Вода вызывала у него учащенное сердцебиение, поднимала ему пульс, она отбирала тепло у тела и закачивала его в мозг. Под водой он любовался увеличенным через блестящую линзу подводной маски зрелищем серебристых рыбных косяков в зарослях водорослей и наслаждался тишиной, нарушаемой лишь далеким ритмичным жужжанием навесного лодочного мотора. А над поверхностью воды в ярких лучах солнца сверкал белизною далёкий парусник, у берега ветхий пирс со столь же ветхой весельной лодкой и его мать в своем шезлонге, а позади неё бескрайняя зеленая даль внешнего мира.
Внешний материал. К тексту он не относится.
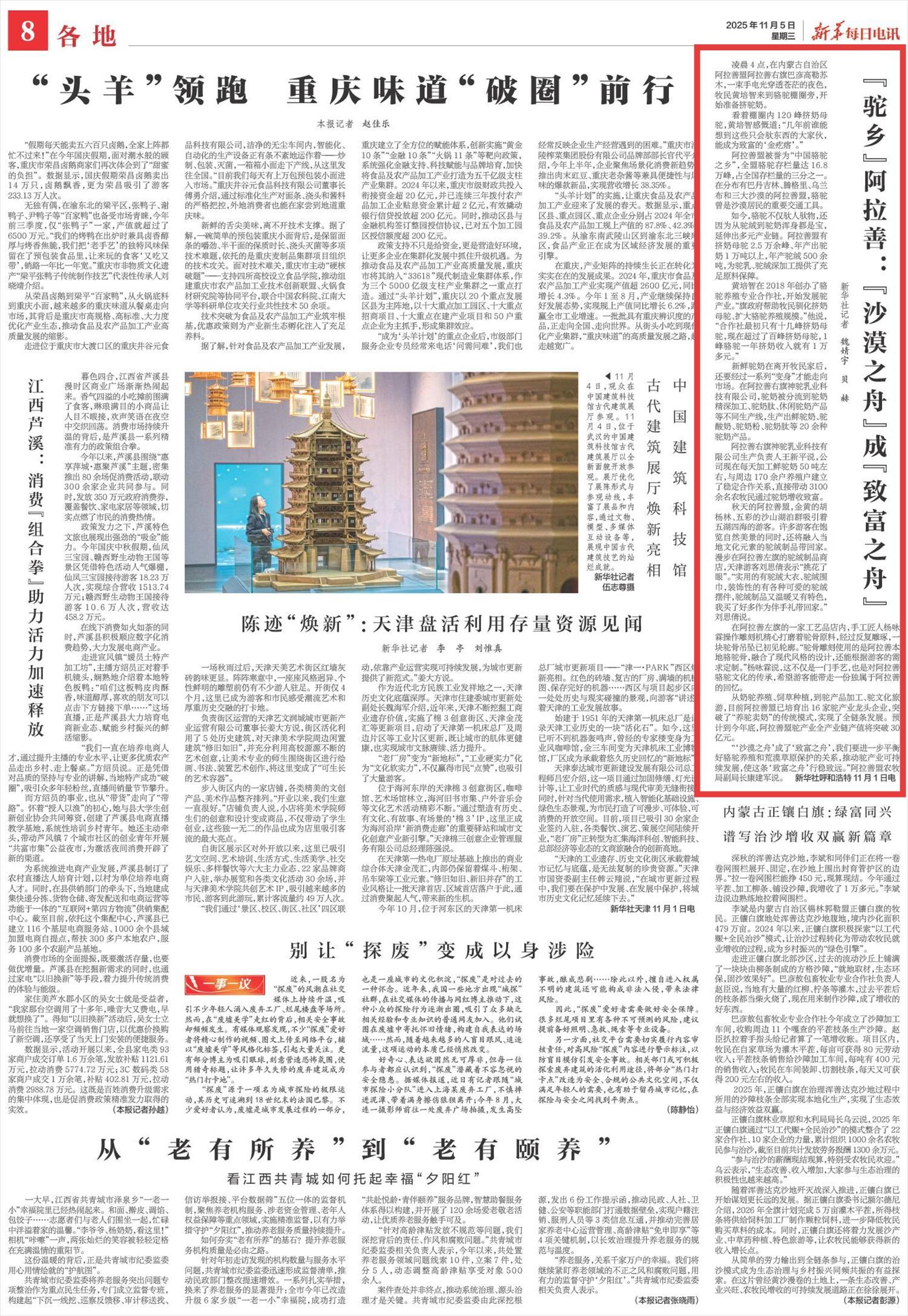 2025年11月5日,《新華每日電訊》第8版刊發(fā)題為《“駝鄉(xiāng)”阿拉善:“沙漠之舟”成“致富之舟”》的文章,報道了阿拉善盟被譽為“中國駱駝之鄉(xiāng)”,駱駝存欄量達(dá)16.8萬峰,占全國存欄量的三分之一。預(yù)計到今年底,阿拉善盟駝產(chǎn)業(yè)全產(chǎn)業(yè)鏈產(chǎn)值將突破30億元。

 Он вынырнул из воды словно дельфин, выдув струю воды из своей трубки, и поплыл обратно к пирсу. Озеро шло вместе с ним, мелькали лишь две костлявые кисти рук и клиновидная стопа одной ноги, и наконец мощный всплеск при выбросе его тела плашмя на пирс как если бы что-то выбросило прибоем во время шторма. И тут же, без малейшей паузы, чтобы хотя бы взять полотенце, он хватает свой спиннинг и серебристая блесна с треском взлетела над водной гладью, вонзившись в неё точно в той темной зоне, которую он зафиксировал в своей памяти. На звук всплеска его мать подняла глаза: — Тилер, — крикнула она ему, — пойди возьми полотенце.

С дрожью в плечах он ёжился, пританцовывал, но не сводил глаз с вершинки спиннинга. Дергая его поддразнивающе, он сматывал леску прерывистыми аккуратными рывками, которые должны вывести огромную рыбину из себя. Или, по крайней мере, он читал, что так должно быть.

— Ты слышишь меня, Тилден?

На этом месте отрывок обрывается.